▶ Listed entries
....................
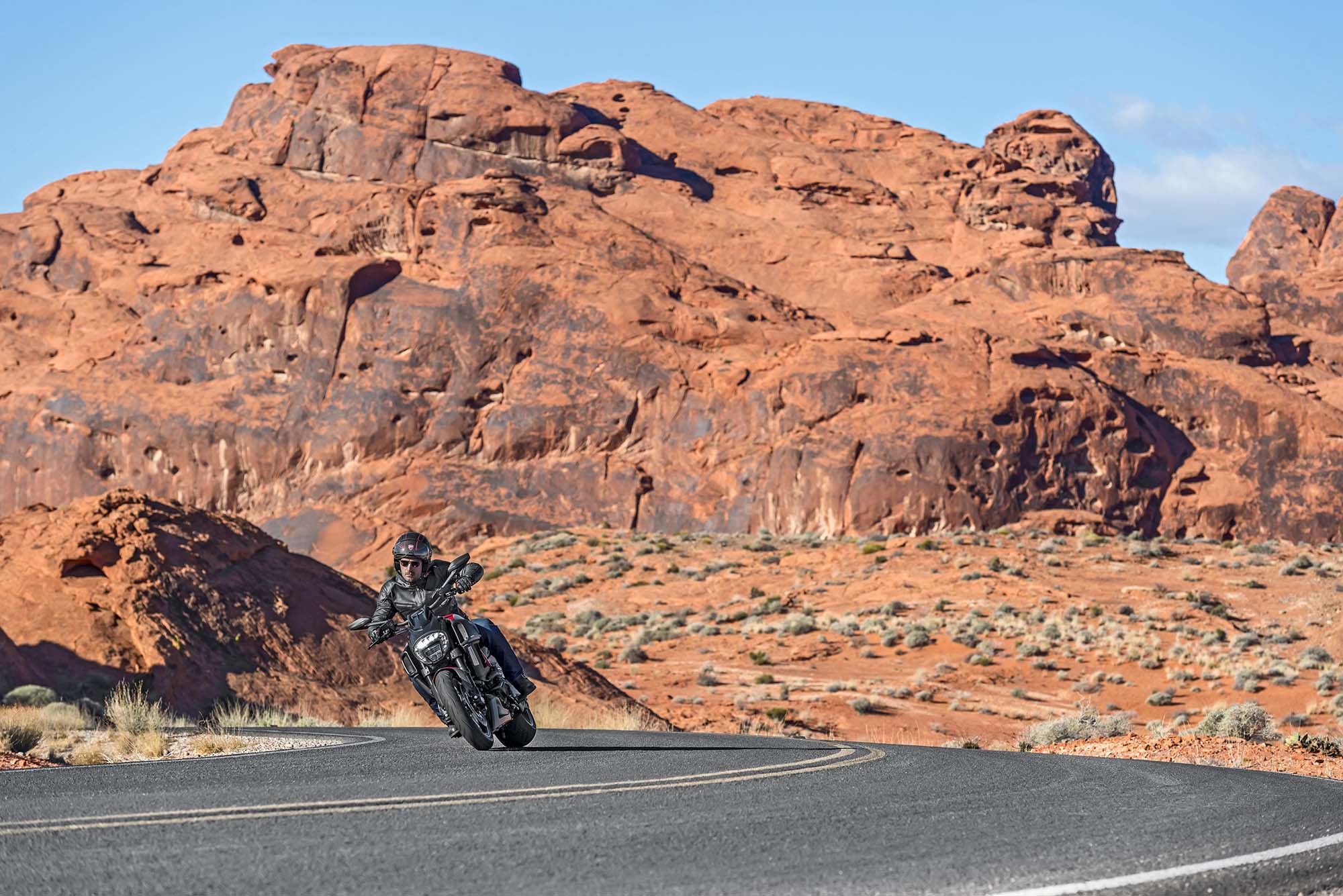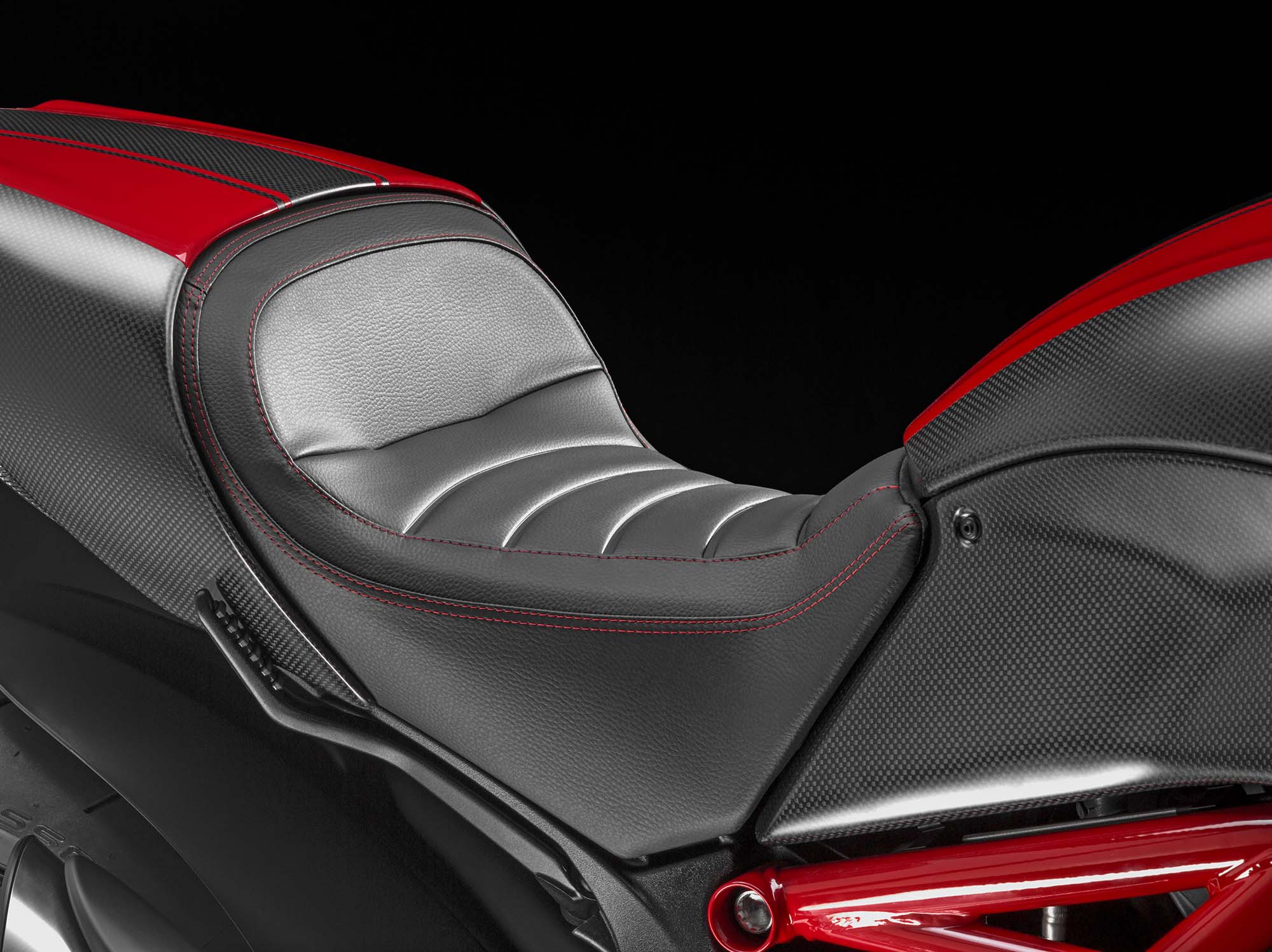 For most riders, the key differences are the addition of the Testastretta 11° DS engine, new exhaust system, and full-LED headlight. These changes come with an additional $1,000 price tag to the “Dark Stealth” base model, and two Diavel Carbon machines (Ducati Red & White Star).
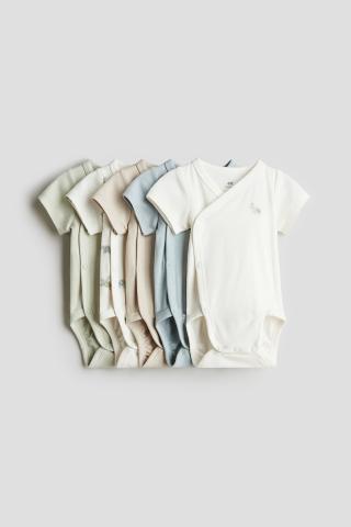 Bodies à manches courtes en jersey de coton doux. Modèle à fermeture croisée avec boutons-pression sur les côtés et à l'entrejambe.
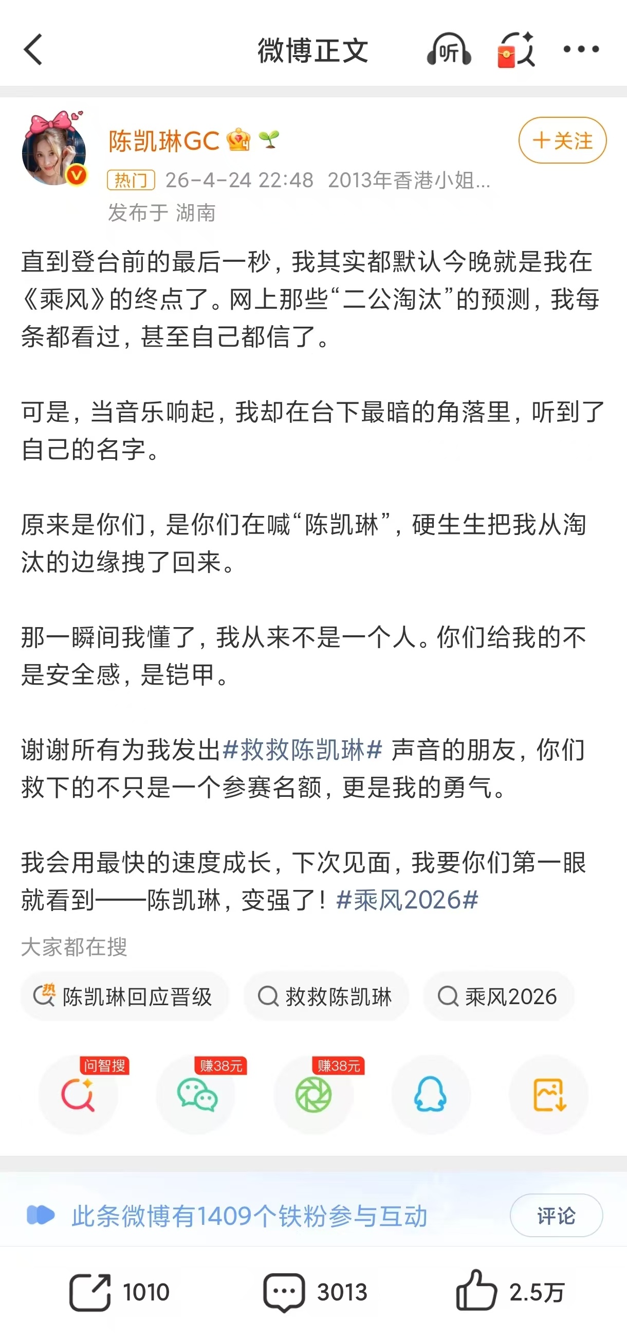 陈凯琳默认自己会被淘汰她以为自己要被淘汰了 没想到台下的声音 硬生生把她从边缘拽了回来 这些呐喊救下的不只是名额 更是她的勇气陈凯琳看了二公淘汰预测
....................
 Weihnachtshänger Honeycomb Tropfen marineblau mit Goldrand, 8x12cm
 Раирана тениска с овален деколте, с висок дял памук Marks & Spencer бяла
....................
▶ Task details
Exactly the lines above, from the one containing "For most riders, the" down to the one containing "陈凯琳默认自己会被淘汰她以为自己要被淘汰了 没想到台下的声音 硬生生把她从边缘拽了回来", are to be repeated, including both ends. Pictures are not part of the copy.

▶ Finished task
 For most riders, the key differences are the addition of the Testastretta 11° DS engine, new exhaust system, and full-LED headlight. These changes come with an additional $1,000 price tag to the “Dark Stealth” base model, and two Diavel Carbon machines (Ducati Red & White Star).
 Bodies à manches courtes en jersey de coton doux. Modèle à fermeture croisée avec boutons-pression sur les côtés et à l'entrejambe.
 陈凯琳默认自己会被淘汰她以为自己要被淘汰了 没想到台下的声音 硬生生把她从边缘拽了回来 这些呐喊救下的不只是名额 更是她的勇气陈凯琳看了二公淘汰预测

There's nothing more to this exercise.